Jateng Raya

Kupatan Tradisi Syawalan Khas Kota Semarang

SEMARANG – HKNews.info : Syawalan, tradisi yang dirayakan dihari ke-7 atau seminggu setelah Hari Raya Idul Fitri 1 Syawal masih menjadi tradisi yang melekat di beberapa wilayah pulau Jawa.

Sejumlah daerah di Jawa Tengah pun mulai mempersiapkan perayaan tersebut dengan menyiapkan makanan khas Syawalan yakni Ketupat.

Perayaan Syawalan ini dikenal juga dengan nama Lebaran Ketupat (kupatan dalam bahasa Jawa). Perayaan Syawalan sendiri berbeda antara satu daerah dengan daerah lainnya.

Yang unik, di Kota Semarang, terdapat sebuah tradisi Syawalan yang dalam merayakanya disajikan makanan khas berupa Ketupat yang disebut Kupat.

Meski agak nyleneh terkesan saru nama dari tradisi Syawalan yang satu ini, namun sejatinya mempunyai sejarah sehingga dinamai Kupat Jembut.

Lebaran di Kota Semarang rasanya tak lengkap dengan hidangan lebaran yang satu ini. Meski namanya bikin salah fokus, namun menu kuliner yang satu ini sangat dikenal di Semarang.

Kupat yang dibuat dari bungkus daun kelapa muda (janur) lalu diisikan beras sebagaimana kupat pada umumnya.

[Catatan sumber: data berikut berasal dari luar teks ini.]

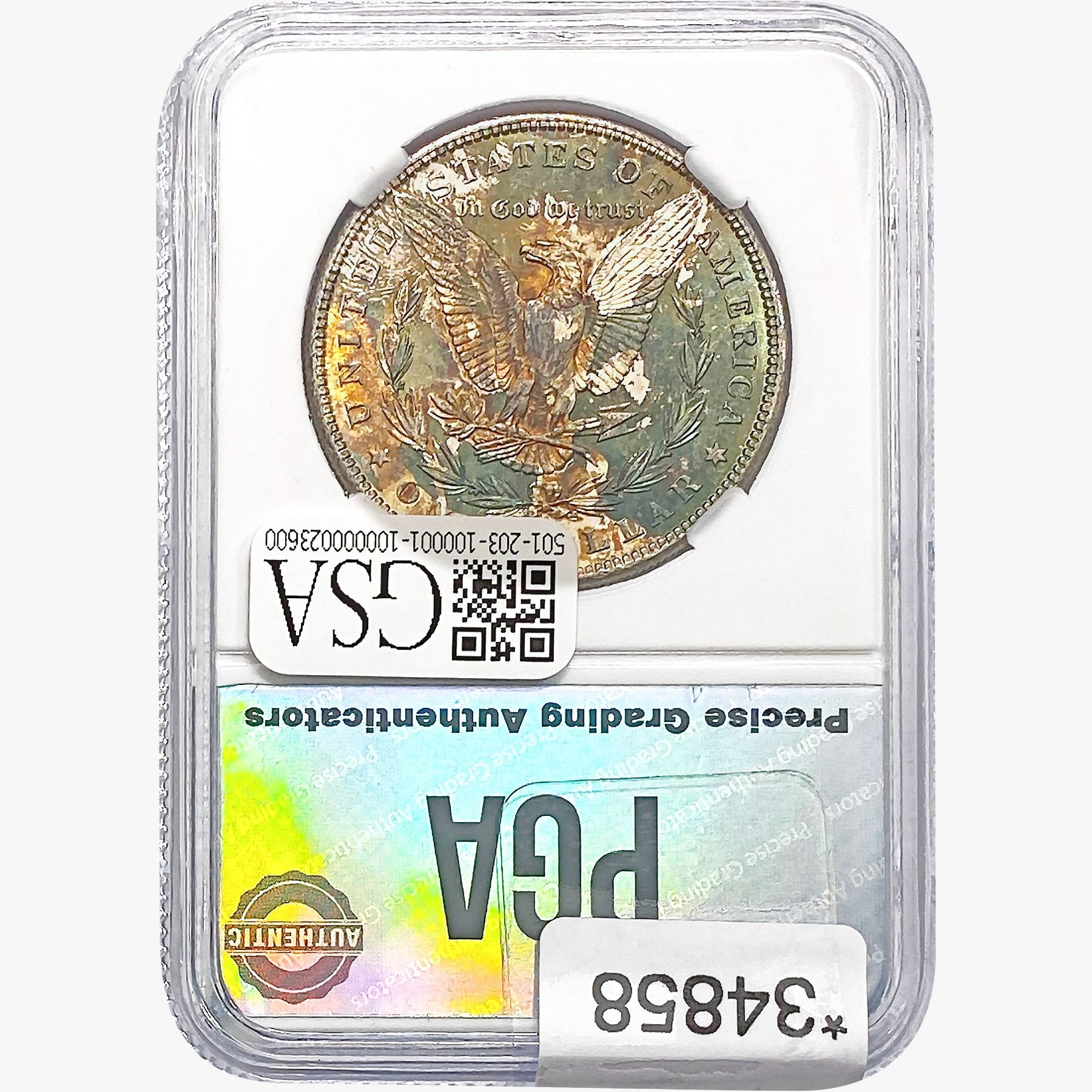 COINS AND CURRENCY LISTED IN GSA’S CATALOG AS GRADED AND ENCAPSULATED BY PCGS, NGC, ANACS, ICG, PCGS CURRENCY, PMG, PCGS BANKNOTE GRADING, CMC OR ANY OTHER THIRD-PARTY GRADING SERVICE ARE LIKEWISE SOLD “AS-IS” EXCEPT AS EXPRESSLY SET FORTH HEREIN. ALL THIRD-PARTY GRADING SERVICE GUARANTEES, INCLUDING AUTHENTICITY, ARE THE SOLE RESPONSIBILITY OF THE THIRD-PARTY GRADING SERVICE AND NOT WARRANTIES OR GUARANTEES OF GSA. BIDDERS SHOULD CONTACT THESE THIRD-PARTY GRADING SERVICES DIRECTLY WITH RESPECT TO ANY CLAIMS OR QUESTIONS THEY MAY HAVE CONCERNING THEIR GUARANTEES AND WARRANTIES. BIDDERS ACKNOWLEDGE AND AGREE THAT AUCTIONEER IS NOT BOUND BY OR LIABLE FOR ANY OPINION OR CERTIFICATION BY ANY THIRD-PARTY GRADING SERVICE. REMOVAL OF A PRODUCT FROM ITS PROTECTIVE CASING OR HOLDER OR ALTERATION OF ANY COIN HOLDER WAIVES ALL RIGHTS CONCERNING THE PRODUCT CONTAINED THEREIN.

Yang membedakan, saat penyajiannya, ketupat ini diisi dengan beberapa sayuran antara lain, taoge dan parutan sambel kelapa sehingga nampaklah sarabut taoge dibelahan ketupat tersebut sehingga mirip organ kelamin wanita.

Awalnya, isian ketupat hanyalah taoge karena saat awal tradisi ini dimulai warga hanya punya toge untuk jadi isian ketupat. Namun dalam perkembangannya ditambahkan pula sayuran lain, kubis (kol) dan kacang-kacangan untuk meningkatkan cita rasa Kupat.

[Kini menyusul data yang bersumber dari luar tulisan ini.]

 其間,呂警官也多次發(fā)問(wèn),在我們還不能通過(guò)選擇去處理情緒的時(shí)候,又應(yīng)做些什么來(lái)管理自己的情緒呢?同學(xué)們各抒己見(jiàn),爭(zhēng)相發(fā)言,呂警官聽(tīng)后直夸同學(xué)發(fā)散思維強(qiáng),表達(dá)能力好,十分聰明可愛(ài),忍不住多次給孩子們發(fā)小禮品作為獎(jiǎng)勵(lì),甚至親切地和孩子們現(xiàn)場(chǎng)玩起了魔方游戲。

Karena di dalamnya sudah ada sayur dan bumbu, Kupat Jembut ini sudah terasa lezat meski tak ditambahkan opor ayam atau sayur bersantan lainnya.

Tradisi Syawalan dengan Kupat ini masih kental dilaksanakan di wilayah Tanjungsari, Pedurungan, Kota Semarang.

Adapun filosofi taoge dan sambal kelapa yang diselipkan dibelahan ketupat melambangkan sebuah kesederhanaan dalam hidup dengan tidak harus selalu bermewah-mewahan.

Sedangkan dibelah tengah dan dimasukkan isi berupa sayuran dimaksudkan bahwa antar warga sudah saling melepas kesalahan dan saling memaafkan.

Meski namanya membuat salah fokus, tradisi kuliner ini ternyata sudah mengakar di Kampung Tanjungsari, Pedurungan Tengah, Semarang sejak puluhan tahun lalu atau sekitar tahun 1950 silam.

Keberadaan Kupat merupakan wujud rasa syukur kepada Allah SWT atas berkah yang diberikan selama bulan Ramadhan.

Kupat Jembut merupakan sebuah simbol kesederhanaan. Sebab, kupat tersebut digunakan untuk merayakan Syawalan, tanpa opor sebagaimana tradisi di Jawa yang identik dengan lontong opor. Mengingat pembuatan kupat ini jelas lebih murah dibanding untuk membuat lontong opor.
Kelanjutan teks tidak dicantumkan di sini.